Prevention of coma in diabetes
Complications of diabetes, coma in particular, can be very dangerous. That is why it is better to monitor your own condition and follow some precautionary rules:
- you need to follow the diet prescribed by your doctor and follow a diet;
- the patient is obliged to regularly go to the doctor for examinations and undergo tests;
- Self-control and compliance with safety rules are important (the patient must have a glucometer with him and regularly measure blood sugar levels);
- An active lifestyle, frequent walks in the fresh air, and feasible physical activity are recommended;
- it is very important to follow precise recommendations and observe the dosages of insulin and other medications;
- Under no circumstances should you self-medicate or use any traditional medicine without first consulting your treating endocrinologist.
Compliance with such simple rules in most cases helps prevent the development of complications, including the onset of coma. If any alarming changes occur, you should immediately consult a doctor.
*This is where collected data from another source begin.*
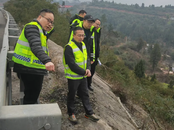 為嚴格落實四川省地災指揮部辦公室《關于切實加強地質災害防治工作》要求和蜀道集團地質災害防治專題工作會精神,2月12日下午,瀘渝公司黨委書記、董事長譚偉帶隊到敘古高速開展地災隱患專項排查,公司黨委委員、職工董事、工會主席、副總經理陳學勤,安全環保部、工程養護部及養護項目部相關人員陪同檢查。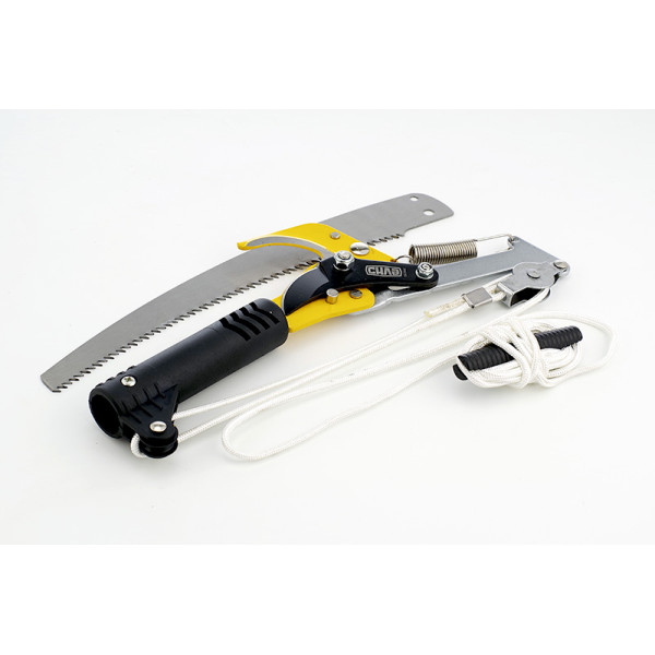 Для зрізання тонких пагонів (до 32 мм) розмістіть лезо сучкоріза навколо гілки та потягніть шнур — штанговий механізм зімкне леза. Для спилювання товстих гілок використовуйте знімну ножівку. За потреби під'єднайте телескопічну ручку-подовжувач (продається окремо) для роботи на висоті. Після роботи очистіть леза та ножівкове полотно від рослинних залишків та соку, при необхідності змастіть для захисту від корозії.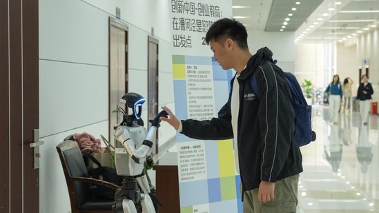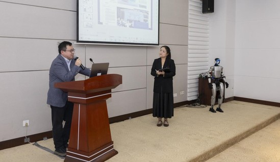 10月29日下午,在图文信息中心第四报告厅内,人形机器人助教小C正在为同学们介绍今天的课程内容,这并非科幻电影场景,而是通识教育中心特色课程《创新中国——创业教育》系列课程中的真实一幕。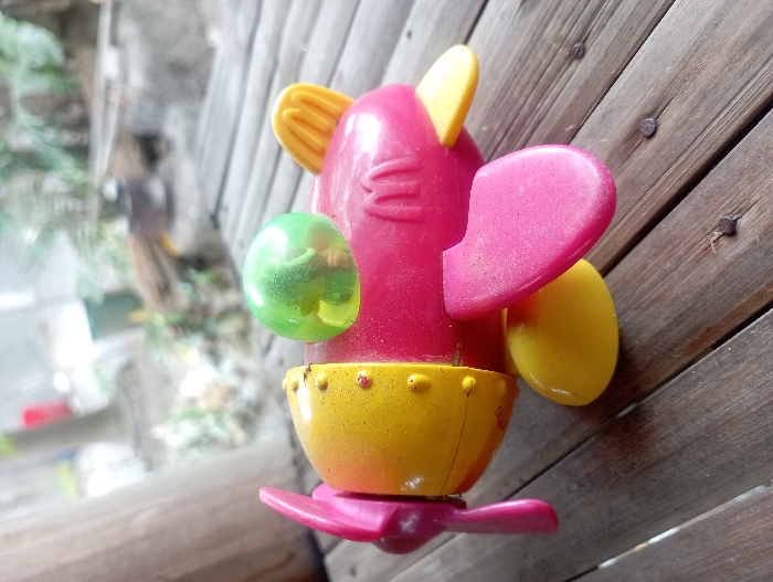 A pink and yellow toy airplane with a green, clear, bubble-shaped canopy sits on a wooden table. The airplane is facing right, with its wings slightly raised. The toy is made of plastic and has some wear and tear. The airplane is on a wooden slat table in the city of Meycauayan, Philippines (14.772, 120.99). The table is made of unfinished wood slats that have a brown-gray color. There are no other objects or people present in the image. The background is blurry, and it is difficult to determine any other details about the location. The image suggests an outdoor environment, possibly a patio or backyard.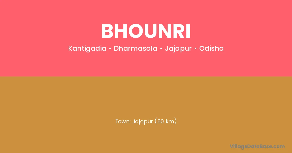 Jajapur (60 km) is the nearest town to Bhounri village for major economic activities and is located approximately 60 km away.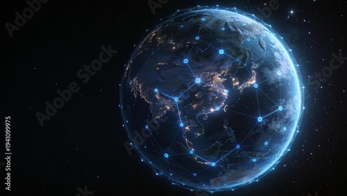 © 선호 최, Fototapeta premium global digital network connection over planet earth at night from space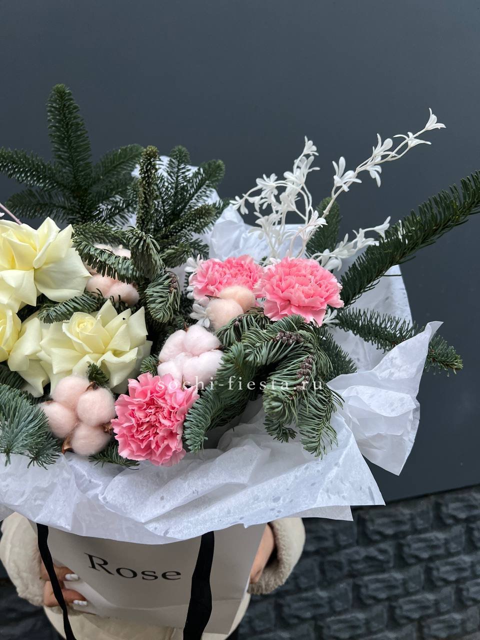 Белые розы и хлопок создают светлую основу, а нобилис вносит графичность. Диантус заполняет пространство мягкими переходами. Композиция выглядит объемно и сбалансировано.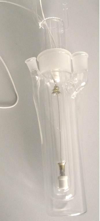 石英冷阱 型號(hào):PH225,石英玻璃材質(zhì),用于長(zhǎng)弧汞燈的冷卻,可以通除部分紅外光降低熱效應(yīng),磨口60/40,有效長(zhǎng)度225mm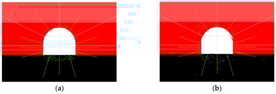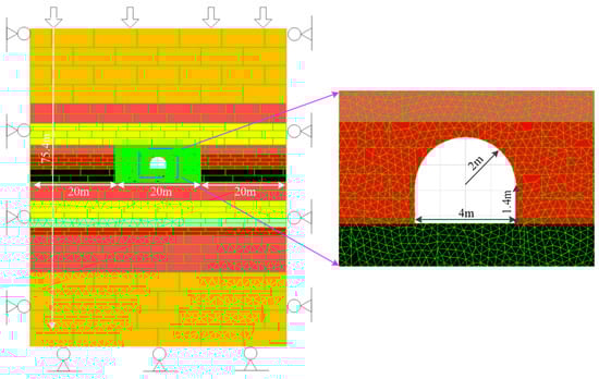 Based on the above calibrated rock stratum parameters and the geological conditions of the mine, a model of the II5 Rail Rise in Zhuxianzhuang Coal Mine was established. The model is 60 m long, 75.4 m high, and the roadway cross-section is in the shape of a semicircular arch (4.0 m × 3.4 m, wide and high) and straight walls (1.4 m high) (Figure 8). The models and parameters for each rock stratum were consistent with the calibrated values. To improve the calculation efficiency, triangular block division was carried out only in the area whose four sides were 8 m above the roof, 8 m below the floor, and 8 cm away from the left and right sides of the roadway center, respectively. The horizontal displacement constraint was set on the left and right boundaries of the model, and the vertical displacement constraint was set on the floor boundary of the model. A 20 m long area was reserved on the left and right sides of the model to avoid the boundary effect. A 1.885 MPa equivalent load of overlying strata was applied to the upper boundary of the model. Based on the roadway buried depth, the vertical stress was 15 MPa and the vertical stress gradient was 0.025 MPa/m. According to the recorded data, the lateral pressure coefficient of Zhuxianzhuang Coal Mine is 1.6. Therefore, the horizontal stress was 27.016 MPa and the horizontal stress gradient was 0.04 MPa/m in the model. The simulation procedure was as follows: (1) a model based on the geological histogram was established, and calibrated parameters were assigned to each rock stratum; (2) the initial state of gravity-induced ground stress was calculated; (3) the II5 Rail Rise was excavated and supported; (4) the parameters of the roadway support were changed. Finally, the deformation and crack evolution of the roadway surrounding rock under different support parameters were analyzed.

Coma with diabetes: first aid
Patients with diabetes are usually warned about the possibility of developing coma and told about the algorithm of actions. What should you do if a patient shows signs of a condition such as a sugar coma? The consequences are extremely dangerous, so a sick person needs to measure their glucose level using a glucometer. If the sugar level is elevated, you need to inject insulin; if it is low, eat candy or drink sweet tea.
If the patient has already lost consciousness, it is important to place him on his side so as to prevent the tongue from retracting and vomit from entering the respiratory tract. If the patient has removable dentures, they also need to be removed. It is recommended to wrap the victim so as to warm the lower extremities. Next, you need to call an ambulance - the patient needs quick and qualified help.
Sugar coma: consequences
Unfortunately, this phenomenon is considered quite common. How dangerous is a sugar coma? The consequences may vary. This condition is accompanied by serious metabolic disruptions. There is depression of the central nervous system. Coma can last for several days, months or even years. The longer the patient remains in this condition, the higher the likelihood of developing a complication such as cerebral edema.
With adequate treatment, the outcome is usually quite favorable. On the other hand, cerebral edema can lead to significant damage to the central nervous system and, accordingly, functional impairment. For example, some patients suffer from memory and speech disorders and problems with coordination. The list of consequences includes serious pathologies of the cardiovascular system. Coma due to diabetes mellitus in children sometimes leads to further delays in mental and physical development.
Unfortunately, patients are not always able to recover from the consequences of a coma. This is why it is important to take precautions.